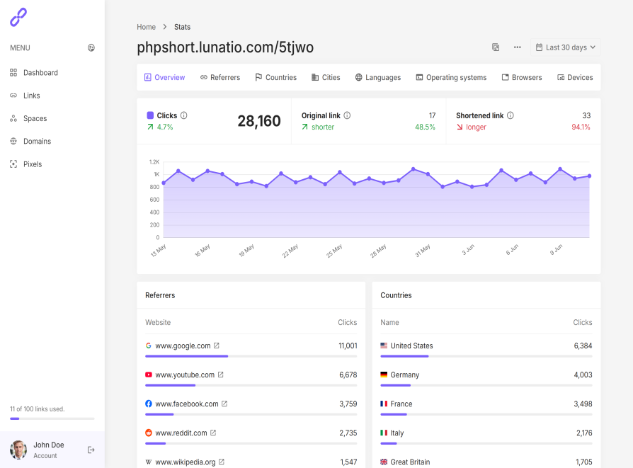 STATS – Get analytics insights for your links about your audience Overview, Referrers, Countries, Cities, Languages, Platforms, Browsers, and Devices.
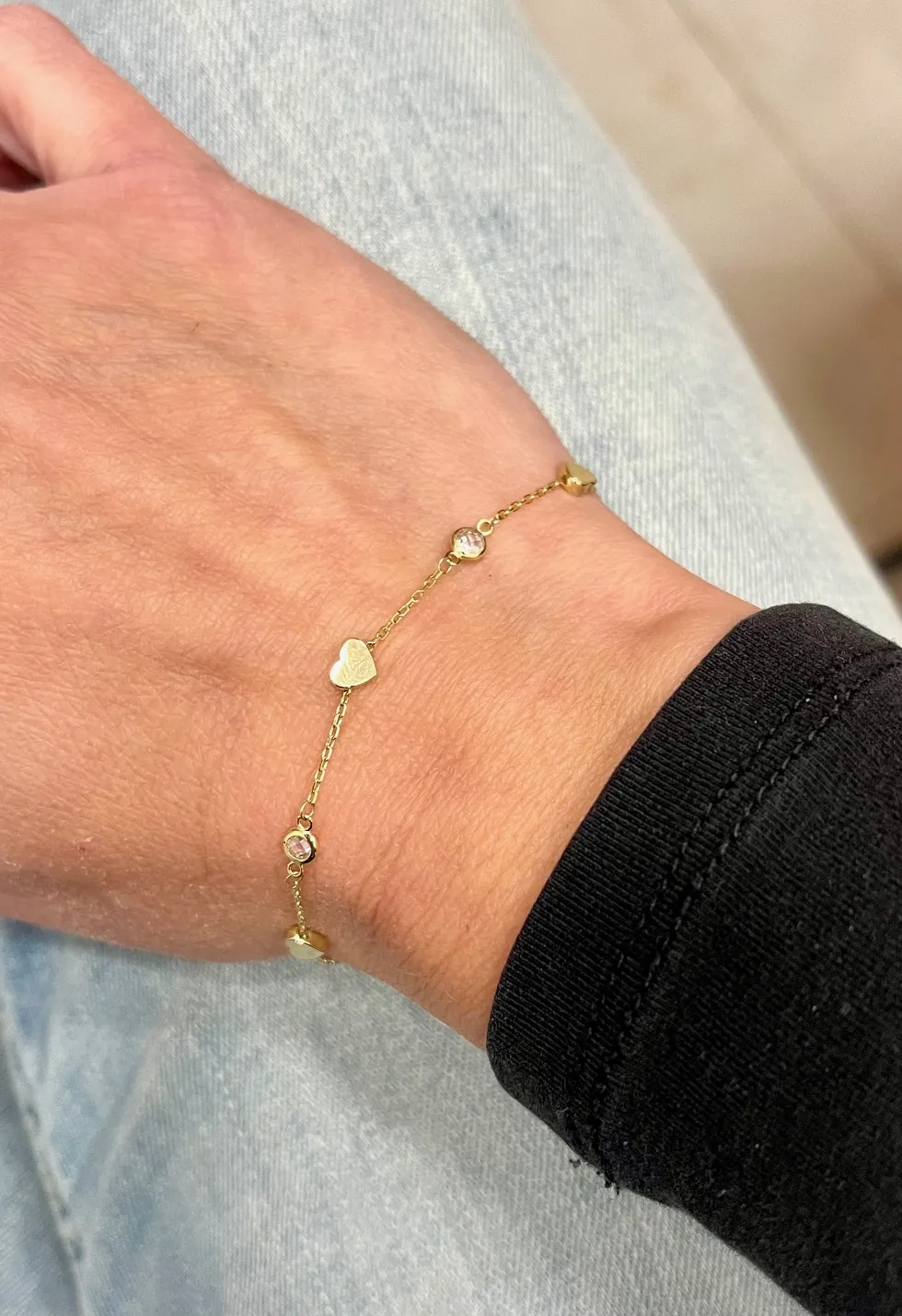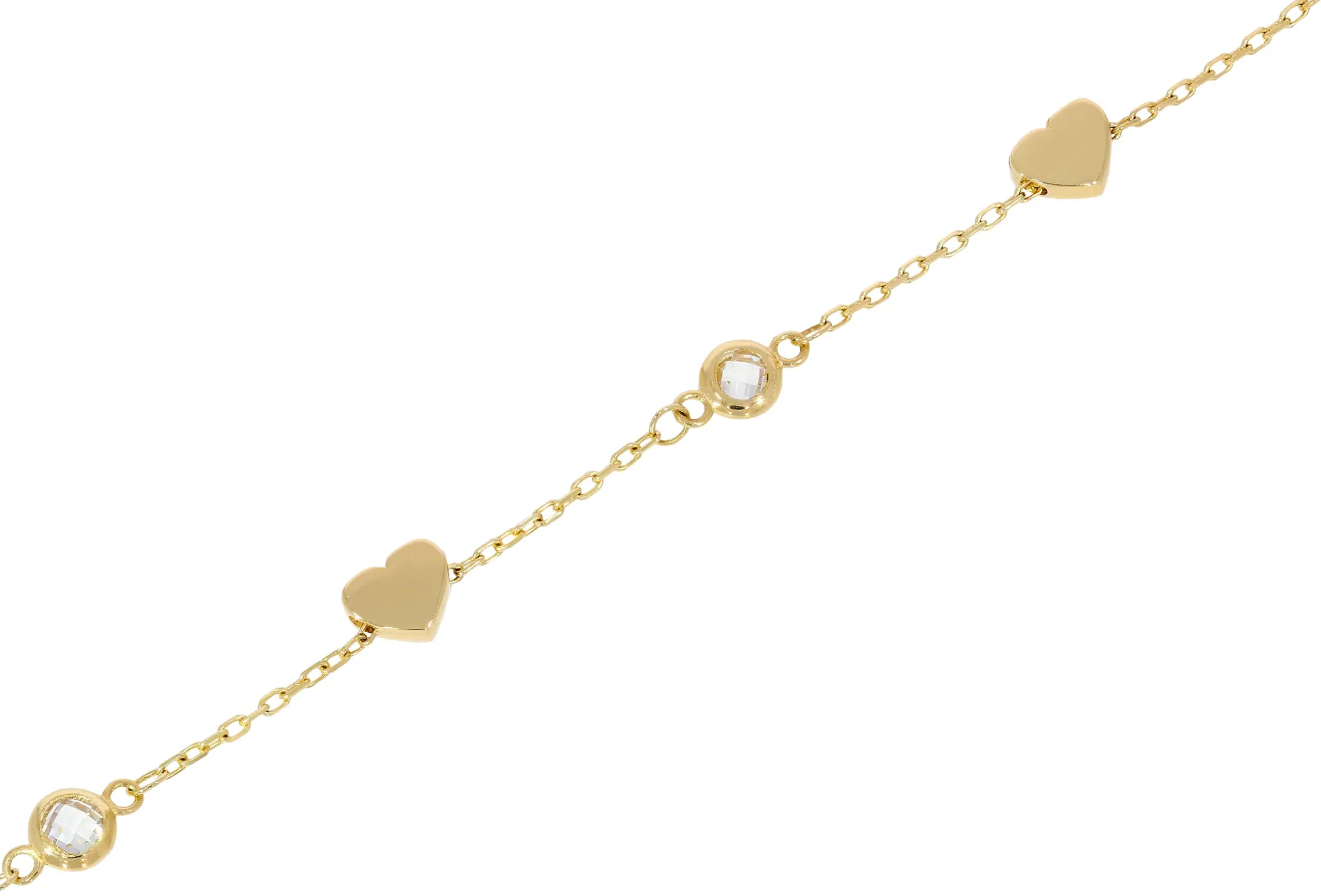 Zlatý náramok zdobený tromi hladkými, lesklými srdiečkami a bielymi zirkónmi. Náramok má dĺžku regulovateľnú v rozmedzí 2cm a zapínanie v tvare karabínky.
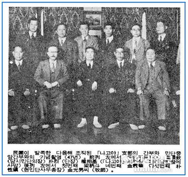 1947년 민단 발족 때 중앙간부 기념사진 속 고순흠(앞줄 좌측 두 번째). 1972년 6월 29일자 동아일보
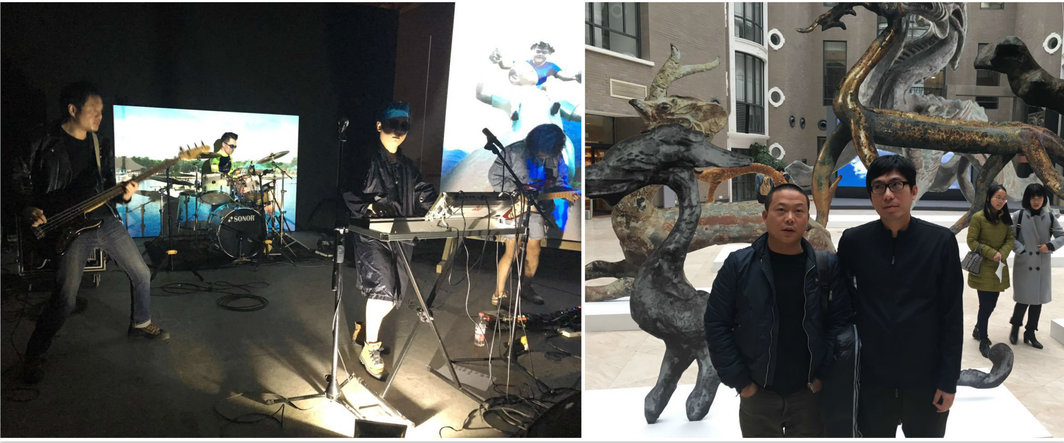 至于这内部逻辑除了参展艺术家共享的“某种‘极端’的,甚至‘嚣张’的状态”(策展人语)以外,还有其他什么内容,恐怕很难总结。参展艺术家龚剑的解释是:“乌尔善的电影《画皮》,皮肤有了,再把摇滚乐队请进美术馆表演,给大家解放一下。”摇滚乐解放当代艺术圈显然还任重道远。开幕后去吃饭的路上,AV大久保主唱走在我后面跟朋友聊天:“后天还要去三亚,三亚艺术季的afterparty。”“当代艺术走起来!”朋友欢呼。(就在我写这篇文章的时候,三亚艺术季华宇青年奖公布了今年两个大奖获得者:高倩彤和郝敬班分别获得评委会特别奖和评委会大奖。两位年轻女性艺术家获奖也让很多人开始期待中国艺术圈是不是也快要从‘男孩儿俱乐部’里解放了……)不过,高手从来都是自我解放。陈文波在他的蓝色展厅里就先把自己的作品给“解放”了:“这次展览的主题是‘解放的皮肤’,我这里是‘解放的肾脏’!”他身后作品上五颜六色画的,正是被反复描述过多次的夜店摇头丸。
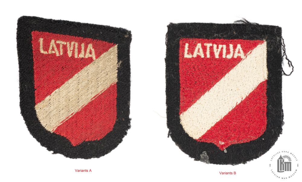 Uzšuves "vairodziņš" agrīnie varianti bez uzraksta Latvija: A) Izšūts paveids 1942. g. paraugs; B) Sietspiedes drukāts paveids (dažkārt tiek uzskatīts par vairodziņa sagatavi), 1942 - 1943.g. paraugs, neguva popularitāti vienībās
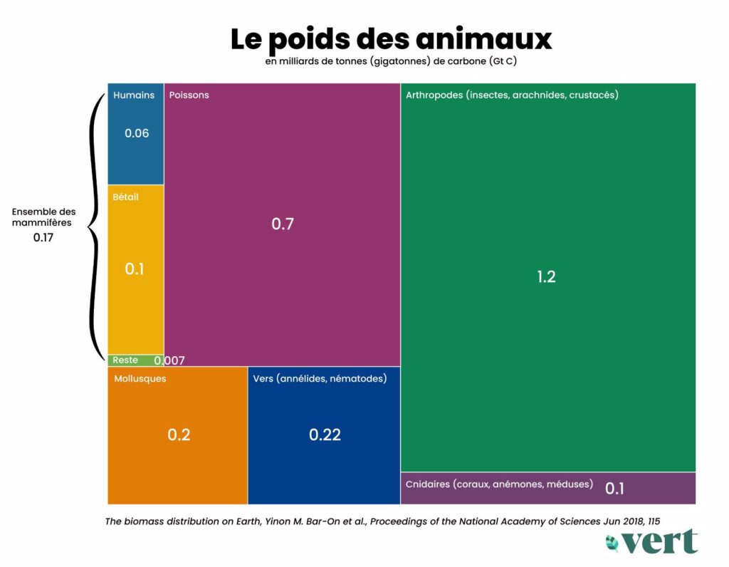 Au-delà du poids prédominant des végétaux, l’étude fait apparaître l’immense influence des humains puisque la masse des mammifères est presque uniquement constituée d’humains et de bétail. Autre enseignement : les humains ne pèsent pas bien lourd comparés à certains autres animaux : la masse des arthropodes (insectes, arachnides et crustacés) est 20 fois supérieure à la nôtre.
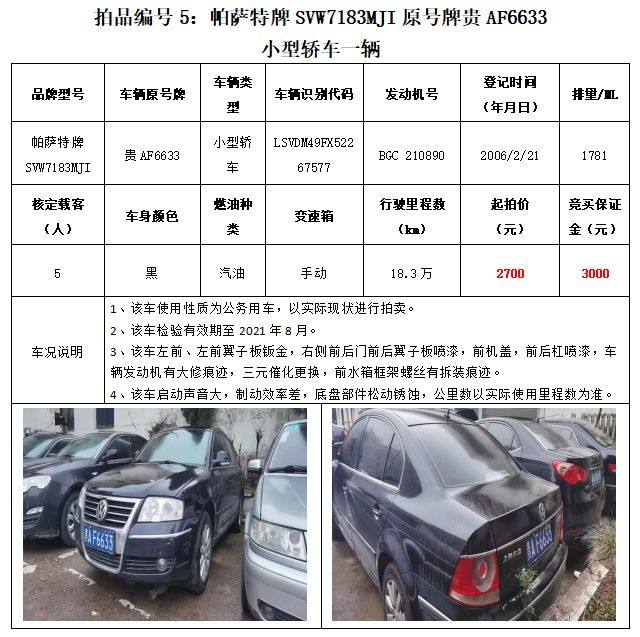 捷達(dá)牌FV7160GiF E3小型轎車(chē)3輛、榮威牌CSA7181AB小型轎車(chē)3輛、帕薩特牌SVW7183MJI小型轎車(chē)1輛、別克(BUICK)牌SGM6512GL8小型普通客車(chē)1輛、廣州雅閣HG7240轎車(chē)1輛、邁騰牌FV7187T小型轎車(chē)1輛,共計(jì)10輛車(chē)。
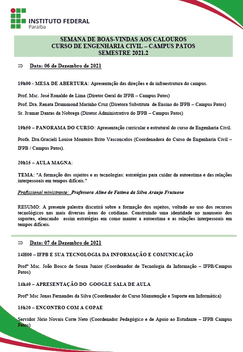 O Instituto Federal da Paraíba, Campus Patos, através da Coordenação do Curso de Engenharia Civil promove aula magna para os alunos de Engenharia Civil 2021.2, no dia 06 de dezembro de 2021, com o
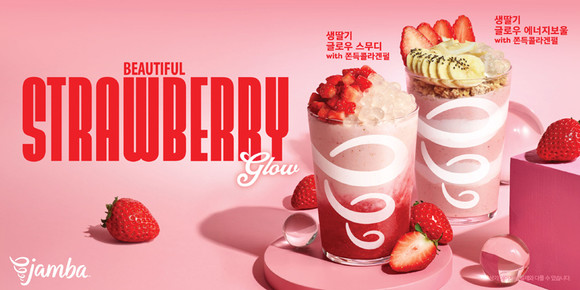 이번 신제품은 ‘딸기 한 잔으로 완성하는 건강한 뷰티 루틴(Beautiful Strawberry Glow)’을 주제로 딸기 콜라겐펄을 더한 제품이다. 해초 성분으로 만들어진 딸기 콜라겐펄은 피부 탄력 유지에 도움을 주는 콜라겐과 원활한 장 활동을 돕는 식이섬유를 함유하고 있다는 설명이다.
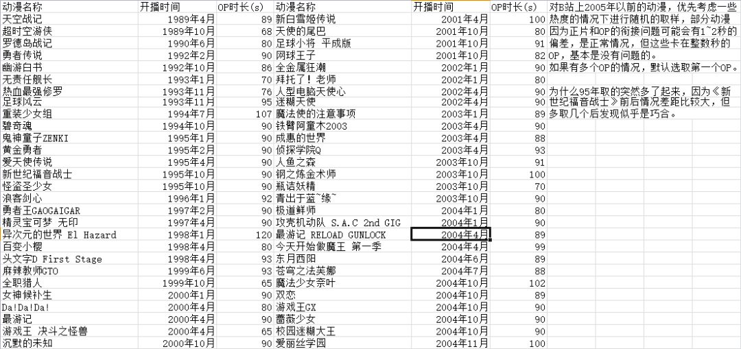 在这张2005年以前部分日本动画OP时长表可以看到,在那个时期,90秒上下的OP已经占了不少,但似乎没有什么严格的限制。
***
-- Exercise prompt --
Please reproduce only the lines from the one holding "이번 신제품은 ‘딸기" through the final line of the listing above, both included, with each picture left out.

-- Exercise solution --
 이번 신제품은 ‘딸기 한 잔으로 완성하는 건강한 뷰티 루틴(Beautiful Strawberry Glow)’을 주제로 딸기 콜라겐펄을 더한 제품이다. 해초 성분으로 만들어진 딸기 콜라겐펄은 피부 탄력 유지에 도움을 주는 콜라겐과 원활한 장 활동을 돕는 식이섬유를 함유하고 있다는 설명이다.
 在这张2005年以前部分日本动画OP时长表可以看到,在那个时期,90秒上下的OP已经占了不少,但似乎没有什么严格的限制。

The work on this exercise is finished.